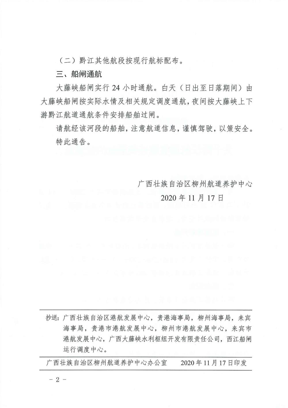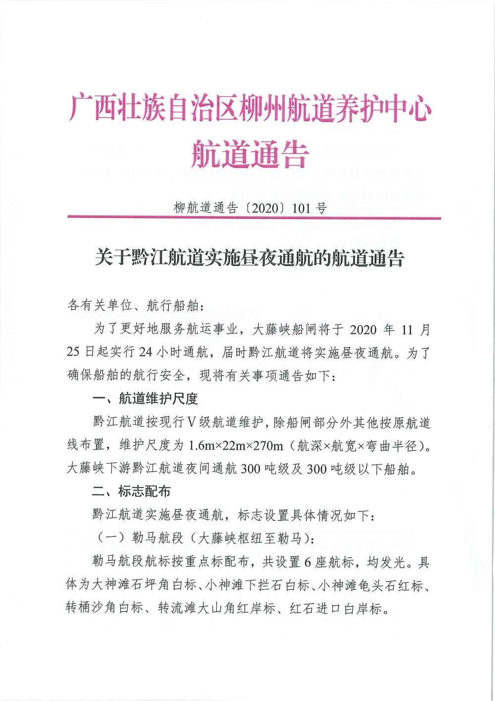 关于黔江航道实施昼夜通航的航道通告
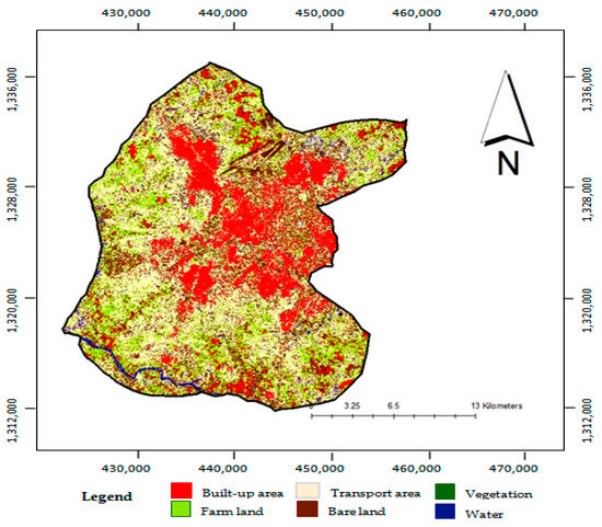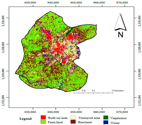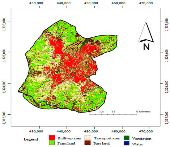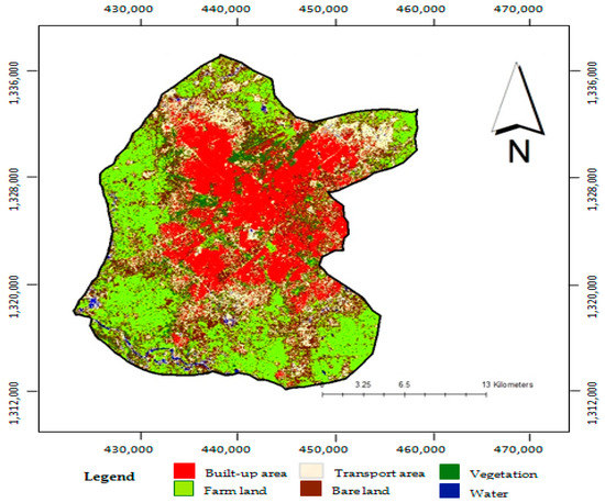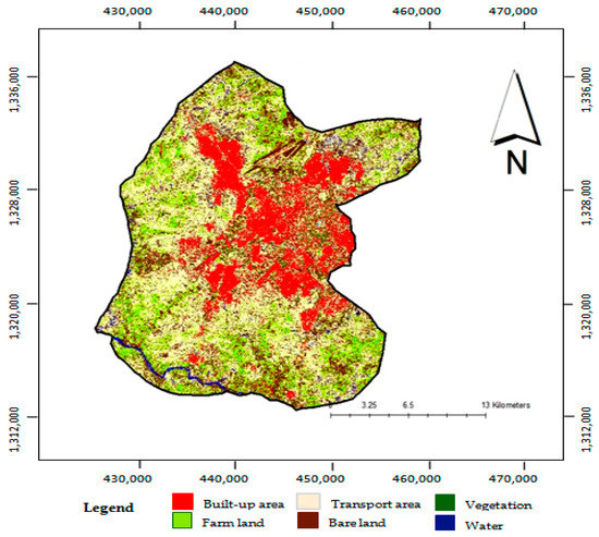The algorithm also assumes that the data is normally distributed and predicts a high probability that a certain pixel is placed into the right class. Additionally, it has a high probability of quantifying minority groups within the appropriate pixel spectral class without being mis-classified into the larger LULC classes during model training. Landsat image classification was carried out using ARC-GIS 10.7 based on supervised classification of maximum likelihood where each pixel was classified into one of the following land use classes: transport infrastructure, built-up areas, farmland, vegetation, bare land and water. The distribution maps were classified into the six LULC categories including its spatial extent, based on the characteristics displayed directly in remote-sensing images (e.g., size, form, texture and hue etc.). Post-classification change detection was implemented in IDRISI Selva 17 pro version software, which requires two classified images to be compared with details on pixel-based transition [45].
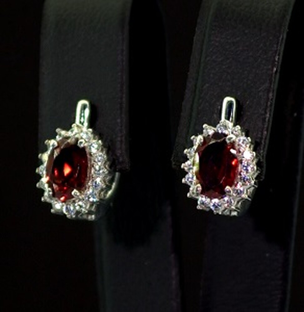 Серебряные серьги 925 пробы 3,21 г с чеськими Гранатами и фианитами 2,32 карат
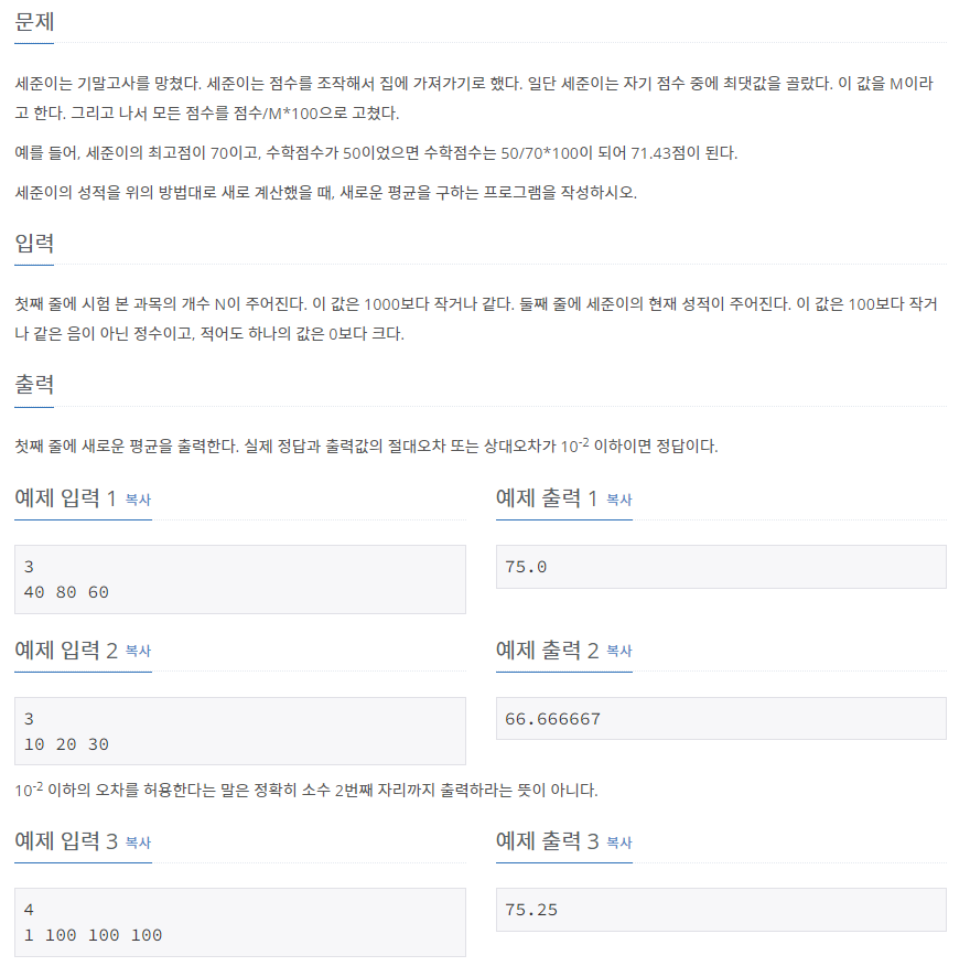 이 문제는 세준이의 점수를 입력 받고, 그 중 최댓값을 찾아 M이라구 했을 떄,
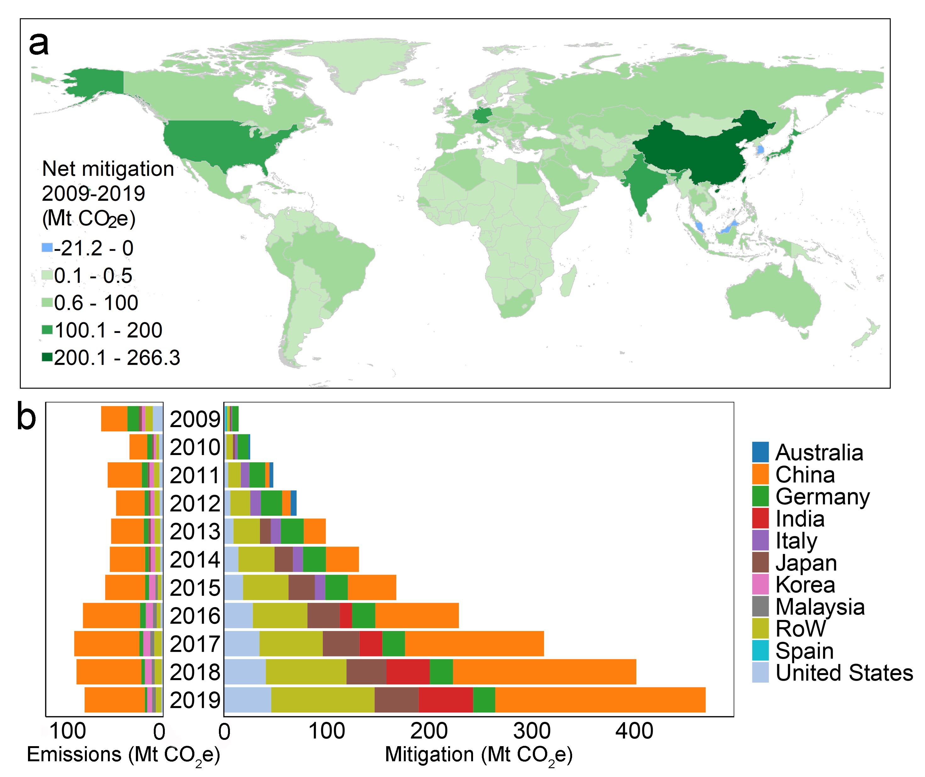 图1.全球太阳能光伏发电净减排空间分布差异显著。(a)2009-2019年净减排效果的国别分布特征;(b)2009-2019年全球减排与排放的变化趋势及主要贡献国家

◆ WHAT IS NEEDED:
Reproduce all of the data exactly; the pictures do not belong in the copy.

◆ ANSWER BOX:
 关于黔江航道实施昼夜通航的航道通告
The algorithm also assumes that the data is normally distributed and predicts a high probability that a certain pixel is placed into the right class. Additionally, it has a high probability of quantifying minority groups within the appropriate pixel spectral class without being mis-classified into the larger LULC classes during model training. Landsat image classification was carried out using ARC-GIS 10.7 based on supervised classification of maximum likelihood where each pixel was classified into one of the following land use classes: transport infrastructure, built-up areas, farmland, vegetation, bare land and water. The distribution maps were classified into the six LULC categories including its spatial extent, based on the characteristics displayed directly in remote-sensing images (e.g., size, form, texture and hue etc.). Post-classification change detection was implemented in IDRISI Selva 17 pro version software, which requires two classified images to be compared with details on pixel-based transition [45].
 Серебряные серьги 925 пробы 3,21 г с чеськими Гранатами и фианитами 2,32 карат
 이 문제는 세준이의 점수를 입력 받고, 그 중 최댓값을 찾아 M이라구 했을 떄,
 图1.全球太阳能光伏发电净减排空间分布差异显著。(a)2009-2019年净减排效果的国别分布特征;(b)2009-2019年全球减排与排放的变化趋势及主要贡献国家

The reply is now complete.